幼名は八十吉(やそきち)、福地桜痴ともいわれるが、櫻癡(おうち、桜痴)は、吉原でひいきにしていた妓女の櫻路にちなんでつけた号。執筆に吾曹子(ごそうし)の名を用い、一人称として「吾曹(意味はわれわれ)」を使ったので、吾曹先生とも呼ばれたし、劇作家として影響力を持っていたため、住居のあった池之端にちなんで、池之端の御前とも。
1-2、源一郎の子供時代

源一郎は、子供の頃から優秀で神童と呼ばれていたそうで、長川東州について漢学を、15歳になると長崎通詞名の村八右衛門のもとで蘭学を学び、1年たたずに稽古通弁(通訳の見習い)となったという語学の天才。名村は出島のオランダ商館長が幕府へ世界情勢を報告するオランダ風説書(ふうせつがき)の口授翻訳で、源一郎を筆記者に使ったということ。
このとき源一郎は、出島にいるオランダ商館長のカピタンが、なぜオランダなどの海外情報を知っているのかが疑問だったが、名村に、西洋には毎日発行されて国内外の時事を知らせる新聞という印刷物があり、カピタンはそれを読んで重要な事柄を奉行所に伝えていると教えられ、古いオランダの新聞を見せてもらったということ。これが源一郎が初めて手にした新聞に。
2-1、源一郎、江戸へ行き英語を習得
源一郎は安政4年(1857年)、16歳の時に海軍伝習生の矢田堀景蔵に従って江戸に。以後、2年間、イギリスの学問や英語を父 苟庵の旧知でペリー来航時の通訳も務めた森山栄之助に学んで、外国奉行支配通弁御用雇として、翻訳の仕事に従事することに。

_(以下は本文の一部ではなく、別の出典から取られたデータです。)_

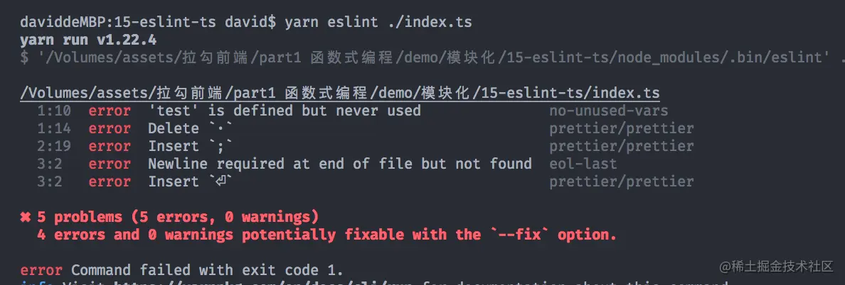 在项目根目录下创建index.ts ,编写 ts 代码,运行yarn eslint ./index.ts. 可以看到正常检查。
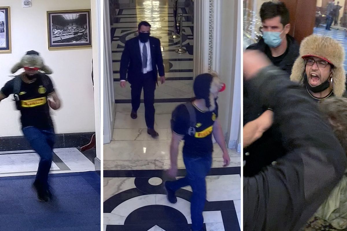 Rioter Zachary Jordan Alam (wearing helmet) is confronted by protesters minutes after the fatal shooting of Air Force veteran Ashli Babbitt on Jan. 6, 2021.

2-2、源一郎、遣欧使節に参加、新聞、演劇などに関心を深める
published by 東洋文化協會 (The Eastern Culture Association) – The Japanese book “幕末・明治・大正 回顧八十年史” (Memories for 80 years, Bakumatsu, Meiji, Taisho), パブリック・ドメイン, リンクによる
万延元年(1860年)、源一郎は御家人に取り立てられ、文久元年(1861年)、文久遣欧使節に外国奉行で組頭として参加する柴田日向守剛中に付いて通訳として同行、ロシア帝国との国境線確定交渉に関与。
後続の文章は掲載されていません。